Residual connections add a direct path:

h_{\ell+1} = h_\ell + F(h_\ell)

Now the gradient has an identity route backward. Even if $F$ has a poor local derivative, part of the signal can flow through the skip connection unchanged. This is one of the reasons very deep residual networks and transformers train at all.

Math details

Chain rule for composition of functions:

\frac{\partial L}{\partial x} = \frac{\partial L}{\partial y} \cdot \frac{\partial y}{\partial x}

For a network with layers $f_1, f_2, \ldots, f_n$ :

\frac{\partial L}{\partial \theta_i} = \frac{\partial L}{\partial f_n} \cdot \frac{\partial f_n}{\partial f_{n-1}} \cdots \frac{\partial f_{i+1}}{\partial f_i} \cdot \frac{\partial f_i}{\partial \theta_i}

Backpropagation efficiently computes this by caching intermediate values during forward pass.

For layer $\ell$ :

\delta^{(\ell)} = \left(W^{(\ell+1)}\right)^T \delta^{(\ell+1)} \odot \sigma'(z^{(\ell)})

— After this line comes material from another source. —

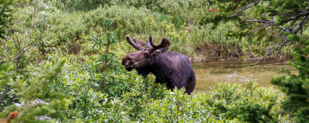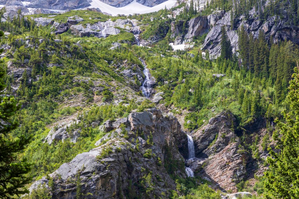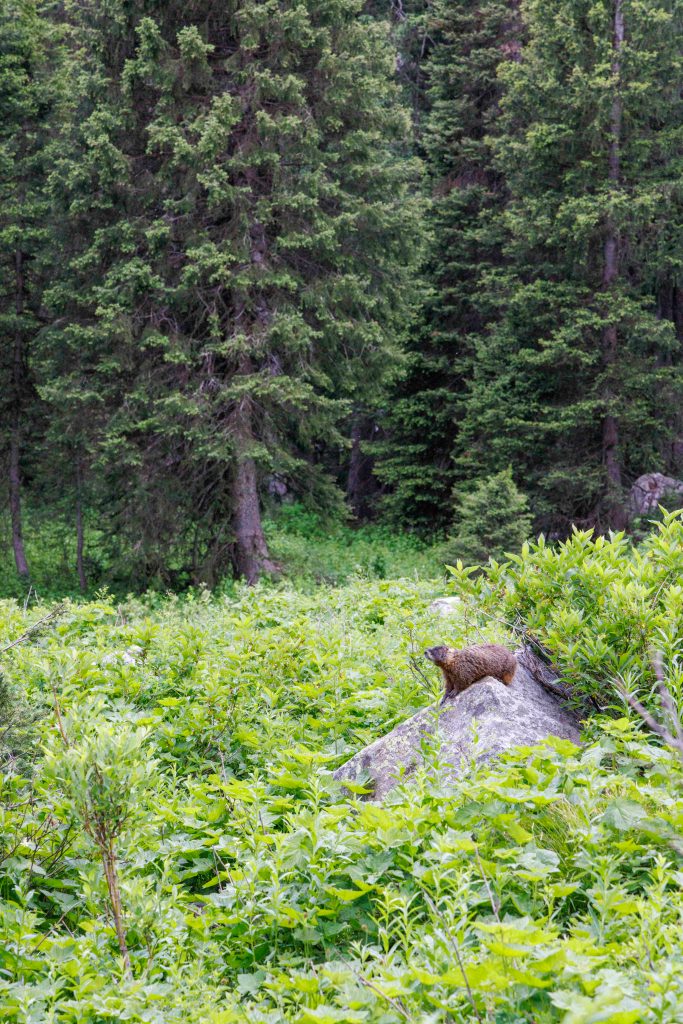 It was quite a hike. I hiked through cold rain, sleet, hail, snow, and under a beating sun, reminding me how changeable mountain weather can be! I passed silent emerald green ponds, along roaring mountain snow-melt waterfalls, sheltered under a splintered boulder, and relished the shade of ancient trees. I photographed a browsing moose, four different chittering Yellow-belied Marmots, many wildflowers, and worked hard to capture the dominance of the mountains draped in waterfalls. Sadly, no bears.

Where $\delta^{(\ell)} = \frac{\partial L}{\partial z^{(\ell)}}$ and $\odot$ is element-wise multiplication.

Weight gradient:

\frac{\partial L}{\partial W^{(\ell)}} = \delta^{(\ell)} \left(a^{(\ell-1)}\right)^T

Implementation

Computational Graph with Autograd

import torch
import torch.nn as nn

# PyTorch does automatic differentiation
x = torch.tensor([[1.0, 2.0]], requires_grad=True)
w1 = torch.tensor([[0.5, 0.3], [0.2, 0.4]], requires_grad=True)
w2 = torch.tensor([[0.1], [0.6]], requires_grad=True)

# Forward pass (PyTorch builds computation graph automatically)
h = torch.relu(x @ w1)  # Hidden layer
y = h @ w2              # Output
loss = (y - 1.0) ** 2   # Loss

# Backward pass (computes all gradients automatically!)
loss.backward()

print("Gradient of loss w.r.t. w1:", w1.grad)
print("Gradient of loss w.r.t. w2:", w2.grad)
print("Gradient of loss w.r.t. x:", x.grad)

# The framework computed the chain rule for us!

Manual Backprop (Educational)

class Value:
    """Micrograd-style autograd value"""
    def __init__(self, data, _children=(), _op=''):
        self.data = data
        self.grad = 0.0
        self._backward = lambda: None
        self._prev = set(_children)
        self._op = _op

    def __add__(self, other):
        out = Value(self.data + other.data, (self, other), '+')

        def _backward():
            self.grad += out.grad
            other.grad += out.grad
        out._backward = _backward
        return out

    def __mul__(self, other):
        out = Value(self.data * other.data, (self, other), '*')

        def _backward():
            self.grad += other.data * out.grad
            other.grad += self.data * out.grad
        out._backward = _backward
        return out

# Usage
a = Value(2.0)
b = Value(3.0)
c = a * b
c.grad = 1.0
c._backward()
print(f"dc/da = {a.grad}, dc/db = {b.grad}")  # 3.0, 2.0

Work this

Backprop trace

For $z = (xy + b)^2$ , write the forward values for $x=2$ , $y=3$ , $b=1$ , then trace which local derivatives are needed to compute $\partial z / \partial x$ .

Backpropagation is not intelligence. It is accounting. But it is the kind of accounting that changed the world: one scalar mistake at the end becomes a direction for every parameter inside the machine. Once that is possible, depth is no longer decorative. It is trainable.